Но, однако, вскоре щипание прошло, и я увидел, что она говорит с мамой, как… Это трудно объяснить. Ну, словно тоже с ребенком, ребенком постарше меня, однако тоже многого не понимающим. Ему надо растолковать, разжевать и в рот положить. Или еще так с больными говорят, — добавляю я к своему воспоминанию позднейший свой опыт. И мне вдруг кажется, что мама моя этим взрослым и разъясняющим тоном учительницы унижена, и мне становится обидно и больно за нее.
— Главное, — продолжала меж тем учительница, — с него все как с гуся вода. Делаешь ему замечания, а у него даже не хватает соображения сообразить, что он другим мешает.
В тоне ее было что-то подсказывающее. И мама моя поняла.
— Извинись перед учительницей, — сказала она мне.
— Дождешься от них! — сказала учительница и стала что-то перекладывать на столе, не глядя на меня, но видно было, что ждет извинения, что хочет эту мелкую историю закончить и с миром отпустить родительницу, а ребенка продолжать учить и воспитывать в течение последующих лет.

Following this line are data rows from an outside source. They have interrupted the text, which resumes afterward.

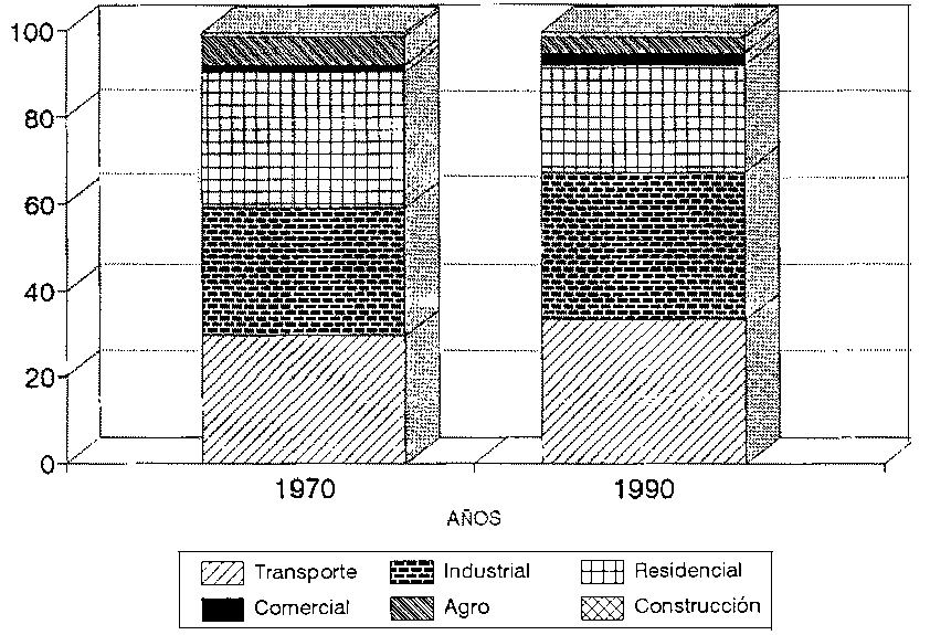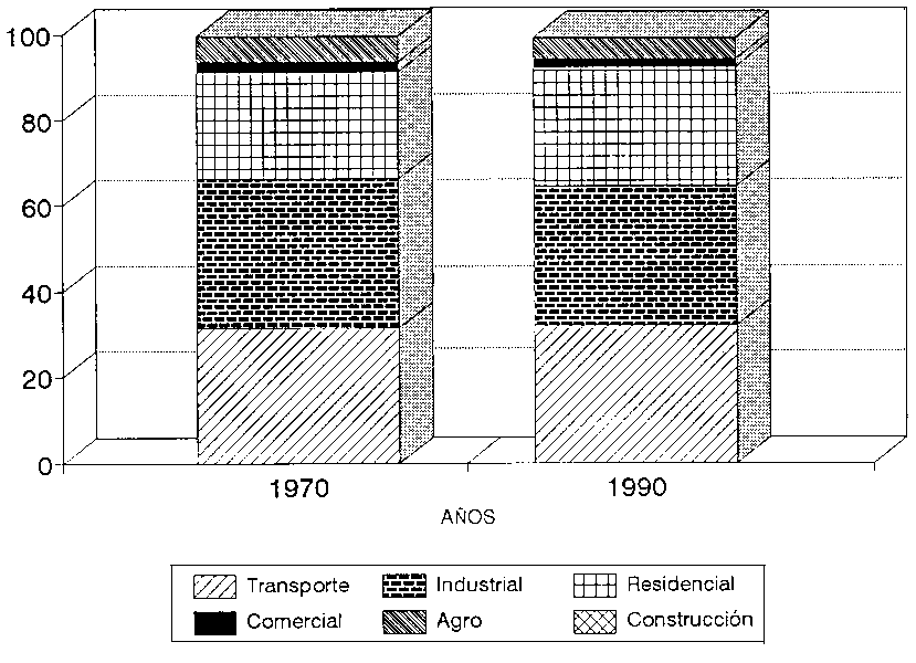 Globalmente, teniendo en cuenta los principales sectores consumidores, o sea Transporte, Industria y Residencial, la participación de este subconjunto en el CEF en 1990 totalizó 92,7 por ciento y en el año 1970 91,5 por ciento. La evolución en la participación de los sectores mencionados, en el CEF, fue la siguiente (en por ciento):
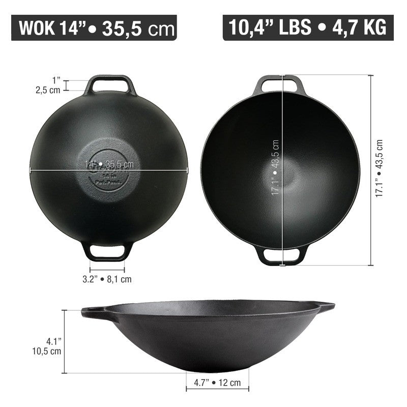 The Wok features a wide flat base, double loop handles and is designed for optimal heat, steam and moisture flow for evenly cooked food. Perfect for stir fries, grilled vegetables, deep frying and more.
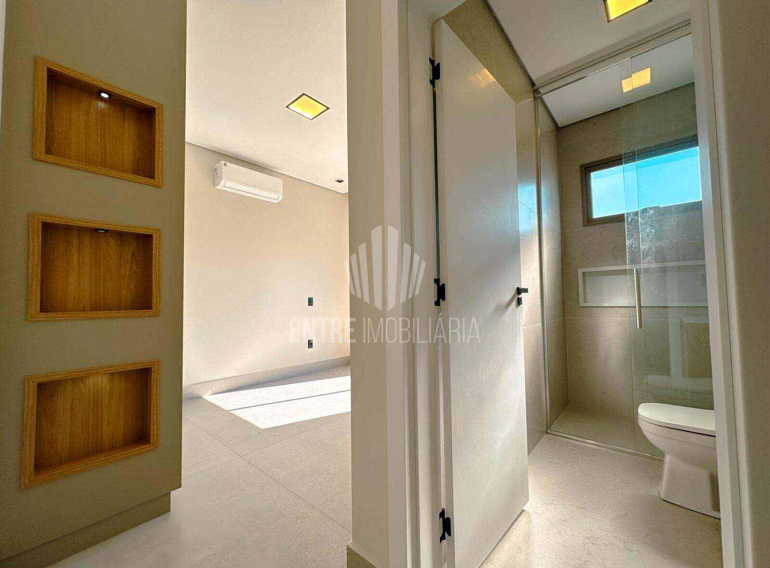 Pensando em conforto e tecnologia, a residência possui persianas automatizadas, ar-condicionado em todos os ambientes e sistema de aquecimento solar, unindo eficiência energética e bem-estar.

Меня же как застопорило. Я виноват — и извиниться, может быть, должен. Но ведь и она, говорило мне мое чувство справедливости, тоже виновата. Зачем она так неинтересно рассказывает? И почему бы ей тоже не извиниться за это? Само собой, я этого не сказал, поскольку, пожалуй, не сумел бы тогда четко и просто сформулировать. Я лишь сопел и молчал.
— Ну? — сказала мама и легонько тронула мою руку.
Я молчал.
— Бесчувственный какой-то, — раздраженно сказала учительница. — Он и мать-то, наверно, не любит. Не любишь ты мать, Каялов!
Все во мне содрогнулось. Что же это за напасть такая! То меня в нелюбви к Родине обвиняют, то в нелюбви к маме! — и все это совершенно не соответствует действительности!
— Любишь ты мать, Каялов, или нет? — спрашивала учительница. И, выждав короткую паузу, удовлетворилась:
— Видите? Не любит он вас!
— Да что вы, — тихо сказала моя мама. — Он это самое…
— Никого он не любит. В классе всегда один, как сыч, на меня волком смотрит.
Я изумился. Вовсе не был я в классе один, как сыч, вовсе не смотрел я на нее волком!
— Чего набычился? — прикрикнула на меня мама незнакомым голосом. — А ну, проси прощения, кому говорят!
— Да не надо мне! — махнула рукой учительница.
— Попросит, никуда не денется! — сказала мать и шлепнула меня — никогда до этого не шлепавшая, исключая вполне дружелюбные подзатыльники, шлепнула, как маленького ребенка, которому только в заднюшку и можно вколотить какое-либо понятие. Она была заодно с учительницей — против меня. Заодно с чужой женщиной — против меня, которого знала уже столько лет. Предательство, вот какое слово появилось в моем детском уме. Легко, конечно, с высоты взрослых лет, посмеяться над запальчивостью суждений крохи, но возьмем в расчет то, что кроха этот испытал самое сильнейшее в своей маленькой жизни потрясение.
И я зарыдал, и я убежал из школы, от учительницы, от мамы, предавшей меня, я убежал, чтобы никогда больше не появиться дома и в школе, чтобы — уехать навсегда.
И я пошел на вокзал.
С одной стороны — железная дорога, а через улицу трампарк, вот где стоял — и стоит — наш старый четырехэтажный дом, принадлежащий железнодорожному ведомству. Вокзал — рядом.
Железная дорога, вокзал и привокзальная площадь были для нас, детей, местом игр и развлечений. Игры эти и развлечения были довольно убоги, это было часто просто шатание и шныряние средь массы отъезжающих, приехавших и ожидающих, а также среди жуликов, тунеядцев, алкоголиков, нищих и милиционеров и прочего обычного вокзального люда, который я уже тогда рассматривал пристально, с прирожденной внимательностью и любознательностью.